Prompt: Taking the first line of the listing as the start and the line containing "Vamos a ver" as the end, reproduce everything in between exactly, both ends included.

Material for this exercise:
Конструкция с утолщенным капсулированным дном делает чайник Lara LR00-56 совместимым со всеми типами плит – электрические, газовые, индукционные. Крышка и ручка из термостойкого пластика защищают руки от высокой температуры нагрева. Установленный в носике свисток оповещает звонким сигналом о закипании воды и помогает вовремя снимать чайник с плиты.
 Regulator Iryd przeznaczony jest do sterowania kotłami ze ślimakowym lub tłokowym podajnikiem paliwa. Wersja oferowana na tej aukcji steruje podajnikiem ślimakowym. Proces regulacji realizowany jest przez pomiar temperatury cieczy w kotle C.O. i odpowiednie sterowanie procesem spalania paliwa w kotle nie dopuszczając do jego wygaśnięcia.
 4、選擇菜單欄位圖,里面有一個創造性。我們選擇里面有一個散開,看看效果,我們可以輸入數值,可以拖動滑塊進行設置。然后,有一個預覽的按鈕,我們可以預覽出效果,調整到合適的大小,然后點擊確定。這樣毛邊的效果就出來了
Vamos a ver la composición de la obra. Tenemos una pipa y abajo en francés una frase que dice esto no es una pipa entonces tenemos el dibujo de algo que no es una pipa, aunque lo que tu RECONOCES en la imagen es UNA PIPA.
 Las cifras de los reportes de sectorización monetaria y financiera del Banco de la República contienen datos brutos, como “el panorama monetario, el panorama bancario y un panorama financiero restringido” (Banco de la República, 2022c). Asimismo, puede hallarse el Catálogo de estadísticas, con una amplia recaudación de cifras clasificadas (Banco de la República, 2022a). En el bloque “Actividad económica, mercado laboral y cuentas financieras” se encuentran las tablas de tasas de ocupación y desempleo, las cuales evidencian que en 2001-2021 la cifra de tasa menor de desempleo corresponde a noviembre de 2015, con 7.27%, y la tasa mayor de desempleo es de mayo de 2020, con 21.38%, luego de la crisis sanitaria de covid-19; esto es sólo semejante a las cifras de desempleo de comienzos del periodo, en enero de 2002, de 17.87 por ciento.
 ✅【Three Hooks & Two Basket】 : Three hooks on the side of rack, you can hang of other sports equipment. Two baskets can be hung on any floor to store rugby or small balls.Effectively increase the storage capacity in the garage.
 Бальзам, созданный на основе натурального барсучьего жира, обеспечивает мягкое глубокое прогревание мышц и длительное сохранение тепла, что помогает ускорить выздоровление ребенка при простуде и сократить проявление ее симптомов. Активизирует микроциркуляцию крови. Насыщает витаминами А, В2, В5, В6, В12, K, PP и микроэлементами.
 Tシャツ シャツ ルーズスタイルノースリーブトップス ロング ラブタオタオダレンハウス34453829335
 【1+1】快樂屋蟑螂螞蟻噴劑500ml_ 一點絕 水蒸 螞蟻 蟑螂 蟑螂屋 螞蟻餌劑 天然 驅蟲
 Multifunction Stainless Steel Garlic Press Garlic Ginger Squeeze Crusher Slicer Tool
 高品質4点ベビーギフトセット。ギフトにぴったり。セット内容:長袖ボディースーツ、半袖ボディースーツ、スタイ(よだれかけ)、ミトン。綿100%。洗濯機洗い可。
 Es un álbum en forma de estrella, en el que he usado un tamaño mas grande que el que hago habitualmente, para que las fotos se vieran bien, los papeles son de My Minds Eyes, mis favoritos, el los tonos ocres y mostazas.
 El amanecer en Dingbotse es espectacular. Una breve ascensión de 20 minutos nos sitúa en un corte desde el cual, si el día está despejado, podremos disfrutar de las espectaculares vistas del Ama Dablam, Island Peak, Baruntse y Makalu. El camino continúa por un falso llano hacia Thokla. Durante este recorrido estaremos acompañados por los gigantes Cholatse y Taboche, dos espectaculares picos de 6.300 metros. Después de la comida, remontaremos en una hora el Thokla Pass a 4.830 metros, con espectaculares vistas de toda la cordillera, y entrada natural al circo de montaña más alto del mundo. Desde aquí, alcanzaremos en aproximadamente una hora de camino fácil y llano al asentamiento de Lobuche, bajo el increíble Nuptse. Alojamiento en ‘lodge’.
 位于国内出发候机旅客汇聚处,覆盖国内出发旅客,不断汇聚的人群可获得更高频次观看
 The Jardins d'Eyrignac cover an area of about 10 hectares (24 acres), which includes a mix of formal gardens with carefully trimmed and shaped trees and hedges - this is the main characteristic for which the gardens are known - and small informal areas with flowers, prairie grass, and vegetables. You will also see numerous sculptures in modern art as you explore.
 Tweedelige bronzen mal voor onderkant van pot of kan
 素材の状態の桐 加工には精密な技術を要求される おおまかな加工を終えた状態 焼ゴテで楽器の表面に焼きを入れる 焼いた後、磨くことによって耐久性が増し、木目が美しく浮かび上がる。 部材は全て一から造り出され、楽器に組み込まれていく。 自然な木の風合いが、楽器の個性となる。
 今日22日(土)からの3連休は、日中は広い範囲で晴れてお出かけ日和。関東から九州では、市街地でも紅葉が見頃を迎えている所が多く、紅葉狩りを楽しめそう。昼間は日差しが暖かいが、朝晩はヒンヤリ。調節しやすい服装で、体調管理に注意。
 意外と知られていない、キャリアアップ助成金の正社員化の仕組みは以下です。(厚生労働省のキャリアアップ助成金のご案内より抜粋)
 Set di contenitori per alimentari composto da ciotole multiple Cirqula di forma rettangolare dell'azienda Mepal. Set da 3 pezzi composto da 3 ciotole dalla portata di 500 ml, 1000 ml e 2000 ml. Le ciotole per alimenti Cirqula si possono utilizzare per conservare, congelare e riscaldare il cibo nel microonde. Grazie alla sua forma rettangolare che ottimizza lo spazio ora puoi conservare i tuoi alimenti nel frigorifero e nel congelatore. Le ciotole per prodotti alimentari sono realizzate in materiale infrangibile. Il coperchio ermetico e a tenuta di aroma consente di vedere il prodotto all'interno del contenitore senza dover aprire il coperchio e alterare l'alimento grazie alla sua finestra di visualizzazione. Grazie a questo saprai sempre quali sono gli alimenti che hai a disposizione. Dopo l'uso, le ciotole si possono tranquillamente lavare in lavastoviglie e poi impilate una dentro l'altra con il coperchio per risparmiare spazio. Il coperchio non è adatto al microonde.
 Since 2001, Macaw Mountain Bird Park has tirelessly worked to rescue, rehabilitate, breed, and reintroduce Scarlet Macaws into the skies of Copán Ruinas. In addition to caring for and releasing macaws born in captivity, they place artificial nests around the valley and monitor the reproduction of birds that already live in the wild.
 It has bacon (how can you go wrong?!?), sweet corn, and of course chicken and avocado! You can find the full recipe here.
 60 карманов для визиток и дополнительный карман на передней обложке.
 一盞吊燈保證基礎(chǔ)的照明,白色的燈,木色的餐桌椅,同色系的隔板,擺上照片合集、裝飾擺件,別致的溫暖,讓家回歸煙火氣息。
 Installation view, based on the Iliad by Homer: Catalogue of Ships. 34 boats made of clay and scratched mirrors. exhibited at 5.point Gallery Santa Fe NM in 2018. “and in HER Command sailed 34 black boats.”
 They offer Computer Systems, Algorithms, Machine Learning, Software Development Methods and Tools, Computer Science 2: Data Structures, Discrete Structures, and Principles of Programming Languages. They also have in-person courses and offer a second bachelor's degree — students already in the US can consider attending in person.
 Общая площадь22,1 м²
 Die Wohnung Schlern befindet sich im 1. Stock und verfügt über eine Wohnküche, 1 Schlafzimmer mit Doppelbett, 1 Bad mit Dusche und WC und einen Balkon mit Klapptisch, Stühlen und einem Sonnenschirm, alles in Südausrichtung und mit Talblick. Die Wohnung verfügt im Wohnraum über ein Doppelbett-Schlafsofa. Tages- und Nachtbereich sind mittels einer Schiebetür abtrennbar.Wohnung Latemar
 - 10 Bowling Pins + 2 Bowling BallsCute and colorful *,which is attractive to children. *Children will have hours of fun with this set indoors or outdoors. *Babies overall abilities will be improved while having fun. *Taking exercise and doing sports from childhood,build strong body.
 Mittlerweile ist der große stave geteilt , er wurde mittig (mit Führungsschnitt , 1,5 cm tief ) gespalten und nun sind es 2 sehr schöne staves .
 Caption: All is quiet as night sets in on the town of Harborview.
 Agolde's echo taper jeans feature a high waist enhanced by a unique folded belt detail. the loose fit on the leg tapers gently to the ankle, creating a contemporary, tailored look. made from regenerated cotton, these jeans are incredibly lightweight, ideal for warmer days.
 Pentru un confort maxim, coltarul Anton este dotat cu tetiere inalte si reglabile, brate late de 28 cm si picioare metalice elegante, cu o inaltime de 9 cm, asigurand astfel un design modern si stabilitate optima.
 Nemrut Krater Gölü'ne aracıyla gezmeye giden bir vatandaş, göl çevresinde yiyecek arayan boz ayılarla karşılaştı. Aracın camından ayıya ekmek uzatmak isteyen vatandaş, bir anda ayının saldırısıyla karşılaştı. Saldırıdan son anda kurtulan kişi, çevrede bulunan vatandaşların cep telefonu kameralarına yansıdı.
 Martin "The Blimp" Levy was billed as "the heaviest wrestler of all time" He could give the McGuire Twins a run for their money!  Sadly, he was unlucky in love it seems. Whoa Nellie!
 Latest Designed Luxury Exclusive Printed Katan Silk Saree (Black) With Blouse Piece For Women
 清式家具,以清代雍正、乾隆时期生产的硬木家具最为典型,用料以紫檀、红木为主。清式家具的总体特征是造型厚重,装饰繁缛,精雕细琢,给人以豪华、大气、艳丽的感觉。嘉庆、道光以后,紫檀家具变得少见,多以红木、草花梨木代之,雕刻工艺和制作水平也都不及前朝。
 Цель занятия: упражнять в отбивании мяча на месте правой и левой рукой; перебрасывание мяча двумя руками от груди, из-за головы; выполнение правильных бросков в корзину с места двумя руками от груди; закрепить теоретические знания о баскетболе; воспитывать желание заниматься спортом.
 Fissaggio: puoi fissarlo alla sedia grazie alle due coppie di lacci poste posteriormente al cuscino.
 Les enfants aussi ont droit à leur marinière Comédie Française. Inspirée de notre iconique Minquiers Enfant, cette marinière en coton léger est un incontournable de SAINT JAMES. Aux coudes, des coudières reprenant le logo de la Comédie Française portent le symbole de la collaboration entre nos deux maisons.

Result below:
Конструкция с утолщенным капсулированным дном делает чайник Lara LR00-56 совместимым со всеми типами плит – электрические, газовые, индукционные. Крышка и ручка из термостойкого пластика защищают руки от высокой температуры нагрева. Установленный в носике свисток оповещает звонким сигналом о закипании воды и помогает вовремя снимать чайник с плиты.
 Regulator Iryd przeznaczony jest do sterowania kotłami ze ślimakowym lub tłokowym podajnikiem paliwa. Wersja oferowana na tej aukcji steruje podajnikiem ślimakowym. Proces regulacji realizowany jest przez pomiar temperatury cieczy w kotle C.O. i odpowiednie sterowanie procesem spalania paliwa w kotle nie dopuszczając do jego wygaśnięcia.
 4、選擇菜單欄位圖,里面有一個創造性。我們選擇里面有一個散開,看看效果,我們可以輸入數值,可以拖動滑塊進行設置。然后,有一個預覽的按鈕,我們可以預覽出效果,調整到合適的大小,然后點擊確定。這樣毛邊的效果就出來了
Vamos a ver la composición de la obra. Tenemos una pipa y abajo en francés una frase que dice esto no es una pipa entonces tenemos el dibujo de algo que no es una pipa, aunque lo que tu RECONOCES en la imagen es UNA PIPA.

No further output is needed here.